Ketiganya diputuskan bersalah melakukan tindak korupsi. Sidang yang rencananya dimulai pada pukul 09.00 WIB ini harus molor hingga baru digelar pada pukul 18.20 WIB.
"Menyatakan terdakwa I Marcos Surya Abdi, terdakwa II Shuhanda Citra dan terdakwa III Isfi Syafitra telah terbukti secara sah dan meyakinkan bersalah melakukan tindak pidana korupsi secara bersama-sama sebagaimana dakwaan alternatif pertama," kata Hakim Ketua, Djuyamto dalam persidangan yang berlangsung pada Rabu (19/10/2022), malam.
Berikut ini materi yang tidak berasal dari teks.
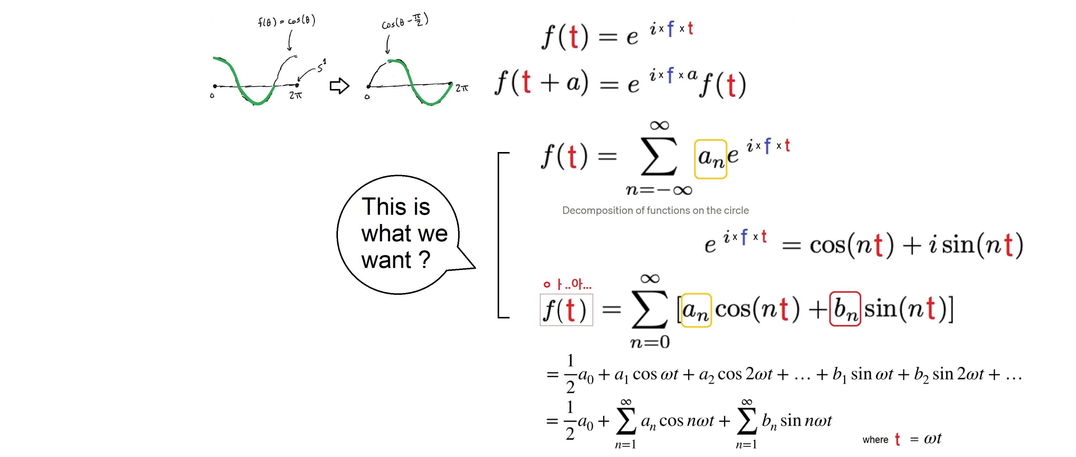 If rotating a function on a circle, we can graph a function on a circle by graphing it on a line segment (the left and right ends have to be connected). The functions are vectors: they can be added, multiplied by a constant. Rotation is Multiplication. Look at what happens when we rotate it by an angle a. The rotation is the same as shifting the argument to the function by a. The thing is... the functions in our buckets have to satisfy the property that rotating them (adding a in the bucket) is the same as multiplying them. And the functions below, where f is any integer, are exactly the functions that do satisfy this property where the coefficients a just tell us how much of each function to take (how much rotate?). This decomposition is called the Fourier Series. Therefore, we can write any function on the circle as a sum of such functions:

Majelis hakim memutuskan Marcos diganjar hukuman pidana penjara selama 7,5 tahun dan denda Rp 300 juta subsider 5 bulan kurungan. Lalu Shuhanda dan Isfi dihukum lebih ringan dari Marcos.
"Menjatuhkan pidana terhadap terdakwa II Shuhanda Citra dan terdakwa III Isfi Syafitra selama 5 tahun penjara dan denda Rp 250 juta subsider 3 bulan kurungan," ujar Djuyamto.
Ketiga pihak swasta tersebut dinilai memenuhi dua unsur memberatkan. Yaitu perbuatan ketiga terdakwa bertentangan dengan upaya pemerintah dalam pemberantasan tindak pidana korupsi dan berbelit-belit dalam persidangan. "Hal meringankan ketiga terdakwa bersikap sopan selama persidangan, terdakwa mempunyai tanggungan keluarga, terdakwa belum pernah dihukum," kata Djuyamto.
Vonis terhadap Marcos sama dengan tuntutan JPU KPK. Namun vonis terhadap Shuhanda dan Isfi berbeda dari Jaksa KPK yang menuntut penjara 6 tahun dan denda Rp 250 juta subsider 4 bulan.
Atas putusan ini, kubu Shuhanda dan Isfi menyatakan menerima. Sedangkan Marcos dan Jaksa KPK menyatakan pikir-pikir.
Kasus ini bermula dari Bupati Langkat nonaktif Terbit Rencana Perangin Angin yang menerima suap Rp 572 juta dari Direktur CV Nizhami Muara Perangin Angin. Penerimaan uang tersebut dilakukan bersama kakak Terbit, Iskandar Perangin Angin. Muara sudah divonis lebih dulu dalam kasus ini.
Penerimaan uang itu turut dibantu Marcos Surya Abdi, Shuhanda Citra, dan Isfi Syahfitra. Uang suap dimaksud supaya Terbit memberikan paket pengerjaan ke beberapa perusahaan Muara. Para pelaku dalam kasus ini dikenal sebagai "Grup Kuala".
Terbit terbukti mengatur proses pengadaan di unit kerja pengadaan barang dan jasa sekretariat daerah Kabupaten Langkat usai mendapatkan uang dari Muara. Permainan kotor itu dilakukan agar perusahaan Muara mendapatkan paket pekerjaan di Dinas PUPR Langkah dan Dinas Pendidikan Langkat pada 2021.